İstemsizce yüzümü ekşitip bozduğu ortamdan sıyrılarak onu omuzlarından ittim ve kendimden uzaklaştırdım. Bir an, gerçekten bir an için bunu düşünmüş olduğum için kendimden nefret ettim o an. Sonuçta o Berkan'dı, her halükarda gevşek bir insandı ve asla ciddileşmesi söz konusu olmuyordu.
"Tipim değilsin aslan, dert etme," diye söylenerek boğazımı temizledim ve adımlarımı spor salonunun çıkışına yönelttim.

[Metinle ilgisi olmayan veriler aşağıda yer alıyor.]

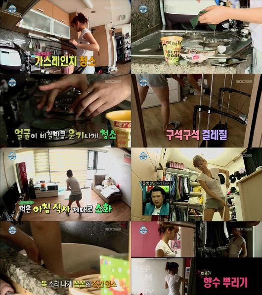 이어 소유는 걸레로 집안 구석구석을 닦았고 옷방까지 깨끗이 청소했다. 이에 노홍철은 “옷방이 저렇게 깔끔하기 힘든데”라며 “똑 소리 난다. 시집가도 되겠네”라고 칭찬했다. 또한 마지막에는 집안 곳곳에 향수를 뿌려 향기롭게 했다.

Göğsümdeki elemanın hızlanmasını tamamen uzun süredir basketbol oynamamıza vermek istiyordum ve gerçekten, neden Berkan'ı o an delicesine öpmek istediğimi sorguladım. Ama bulabildiğim tek cevap vardı o da sadece istemiş olduğumdu, nedeni yoktu. Belki de vardı, ergenlik hormonlarımı suçlayabilirdim, evet güzel nedendi.
"Nereye?" diye sordu arkamdan bağırarak.
"Yoruldum, ders başlayacak." diye karşılık verdim arkamı dönmeden.
Boğazımda bir yumru vardı ve ısrarla normal ritmine dönmeye karşı çıkan kalbime küfür etme isteğim artıyordu. Başımı eğip elimle alnımı silerken sızlayan alt tarafıma baktım.
Vay amına koyayım, dedi iç sesim. Az önce Berkan'dan ortada hiçbir şey yokken tahrik olmuştum. Ben nasıl bir boka batmıştım gerçekten hiçbir fikrim yoktu ama bunun beni çok fazla rahatsız edeceğini söyleyen bir yanım vardı.
Siktir ya.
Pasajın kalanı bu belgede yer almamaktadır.